Yes, I see why, since the modulus is less than 1. but we then get a limit of the form infinity * 0.

12. Oct 18, 2011

### Dick

Sorry, I meant z^3+1 not z^3-1. That's what you have in the problem.

13. Oct 18, 2011

### MATHMAN89

I have an idea.

Could I rewrite the first problem as (n^1/n*(1+i)/2)^n and then take the log

14. Oct 18, 2011

### MATHMAN89

In that case it's e^i*pi/3, e^i*pi, e^i*5pi/3
so the first term cancels with one of the factors of the denominator! brilliant.

15. Oct 18, 2011

### MATHMAN89

Yes, Dick. Agreed on that point that ((1+i)/n) converges to 0. However, I still have the problem of the n on the outside.

16. Oct 18, 2011

### Dick

Yeah, I keep forgetting you changed it. Sorry. This is all getting kind of confusing. The usual way to deal with a infinity*0 problem is to use l'Hopital's theorem, right? Complex numbers aren't that different from reals. Pretend the problem is n*(1/2)^n.

17. Oct 18, 2011

### MATHMAN89

Aha, OK. I've got the first one now. Thank you so much.

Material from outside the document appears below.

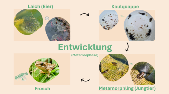 Gemeinsam nahmen wir den Lebenszyklus von Amphibien genauer unter die Lupe und stellten dabei fest, dass diese Tiere sowohl Wasser- als auch Landlebensräume benötigen – Lebensräume, die jedoch immer seltener werden. Wir lauschten den unterschiedlichen Rufen heimischer Amphibien und schauten uns an, wie Kröten und Frösche unterschieden werden können. Am Ende nahmen die Schüler*innen nicht nur ihre selbst gebastelten, hüpfenden Papierfrösche, sondern auch viel neues Wissen über diese faszinierenden, oft leicht übersehbaren Tiere mit nach Hause.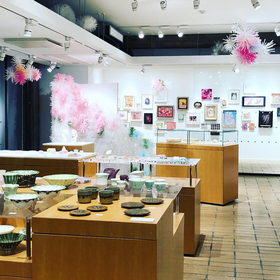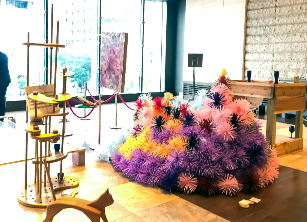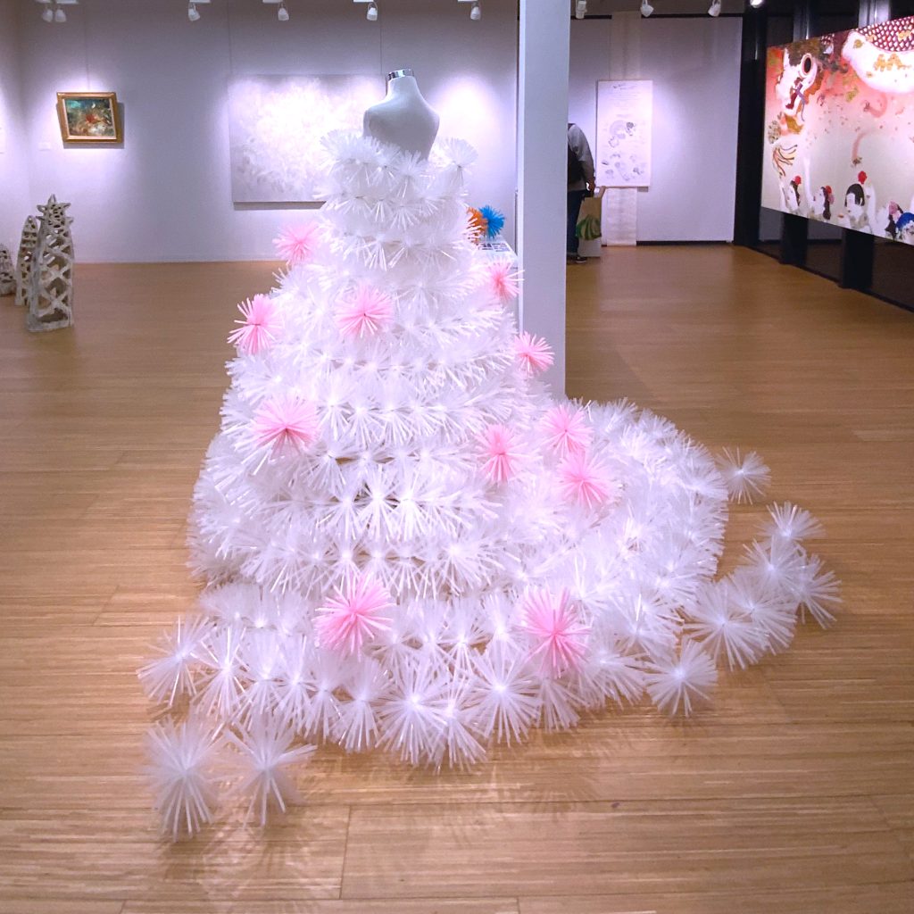 藝大アートプラザの会場を春色に飾った妖精のイメージインスタレーション。

I dont see how I get log(1+z) for the second one, though.

18. Oct 18, 2011

### Dick

Use power series. What's the power series expansion of sin(z)/z?

19. Oct 19, 2011

### MATHMAN89

sinz/z = 1 -z^2/2 +z^4/4! .... = cos z right?

20. Oct 19, 2011

### MATHMAN89

Still not sure how that gets me at my answer.